DATA SHOWN -

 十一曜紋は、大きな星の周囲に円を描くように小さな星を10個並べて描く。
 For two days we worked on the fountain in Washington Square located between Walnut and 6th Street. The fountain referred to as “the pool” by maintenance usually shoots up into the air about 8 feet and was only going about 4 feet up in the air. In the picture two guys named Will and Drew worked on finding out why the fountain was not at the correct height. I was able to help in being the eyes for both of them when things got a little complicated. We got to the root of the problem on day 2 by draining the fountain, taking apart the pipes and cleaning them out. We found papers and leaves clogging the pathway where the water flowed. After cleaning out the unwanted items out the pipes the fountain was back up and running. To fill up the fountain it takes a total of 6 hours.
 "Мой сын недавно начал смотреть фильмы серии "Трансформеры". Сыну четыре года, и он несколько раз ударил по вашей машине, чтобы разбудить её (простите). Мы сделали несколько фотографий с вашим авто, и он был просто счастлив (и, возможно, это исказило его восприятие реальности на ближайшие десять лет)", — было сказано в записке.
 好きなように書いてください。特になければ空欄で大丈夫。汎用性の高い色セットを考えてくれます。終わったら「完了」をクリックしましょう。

--

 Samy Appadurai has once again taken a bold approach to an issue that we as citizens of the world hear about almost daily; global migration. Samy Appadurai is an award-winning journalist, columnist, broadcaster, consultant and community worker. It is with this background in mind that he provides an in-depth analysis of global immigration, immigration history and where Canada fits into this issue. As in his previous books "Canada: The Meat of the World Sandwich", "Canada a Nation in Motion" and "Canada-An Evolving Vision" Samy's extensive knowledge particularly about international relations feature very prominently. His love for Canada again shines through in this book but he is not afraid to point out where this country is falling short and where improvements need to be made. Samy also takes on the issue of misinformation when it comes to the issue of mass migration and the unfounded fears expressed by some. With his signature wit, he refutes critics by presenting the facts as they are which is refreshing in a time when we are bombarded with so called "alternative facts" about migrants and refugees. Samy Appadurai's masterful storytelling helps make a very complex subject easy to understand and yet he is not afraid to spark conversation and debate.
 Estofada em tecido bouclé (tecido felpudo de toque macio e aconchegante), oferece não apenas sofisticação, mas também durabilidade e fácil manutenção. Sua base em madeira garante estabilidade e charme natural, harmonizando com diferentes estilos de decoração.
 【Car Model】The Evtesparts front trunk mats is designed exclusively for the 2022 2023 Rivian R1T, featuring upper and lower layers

--

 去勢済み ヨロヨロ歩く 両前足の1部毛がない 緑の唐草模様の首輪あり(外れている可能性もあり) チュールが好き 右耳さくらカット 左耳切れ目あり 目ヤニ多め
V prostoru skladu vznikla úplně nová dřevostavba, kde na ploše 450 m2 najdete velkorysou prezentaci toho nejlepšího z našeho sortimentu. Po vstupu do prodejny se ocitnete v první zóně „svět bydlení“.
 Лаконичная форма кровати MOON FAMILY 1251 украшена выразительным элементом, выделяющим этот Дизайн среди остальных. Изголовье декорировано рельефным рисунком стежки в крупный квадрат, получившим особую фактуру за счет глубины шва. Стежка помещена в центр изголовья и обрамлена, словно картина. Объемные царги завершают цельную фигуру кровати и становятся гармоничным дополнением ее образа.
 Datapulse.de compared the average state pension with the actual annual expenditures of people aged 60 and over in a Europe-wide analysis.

YOUR TASK - Scan the records for the word "with", and copy each line where it is found.

PROBLEM SOLUTION -
 Samy Appadurai has once again taken a bold approach to an issue that we as citizens of the world hear about almost daily; global migration. Samy Appadurai is an award-winning journalist, columnist, broadcaster, consultant and community worker. It is with this background in mind that he provides an in-depth analysis of global immigration, immigration history and where Canada fits into this issue. As in his previous books "Canada: The Meat of the World Sandwich", "Canada a Nation in Motion" and "Canada-An Evolving Vision" Samy's extensive knowledge particularly about international relations feature very prominently. His love for Canada again shines through in this book but he is not afraid to point out where this country is falling short and where improvements need to be made. Samy also takes on the issue of misinformation when it comes to the issue of mass migration and the unfounded fears expressed by some. With his signature wit, he refutes critics by presenting the facts as they are which is refreshing in a time when we are bombarded with so called "alternative facts" about migrants and refugees. Samy Appadurai's masterful storytelling helps make a very complex subject easy to understand and yet he is not afraid to spark conversation and debate.
 Datapulse.de compared the average state pension with the actual annual expenditures of people aged 60 and over in a Europe-wide analysis.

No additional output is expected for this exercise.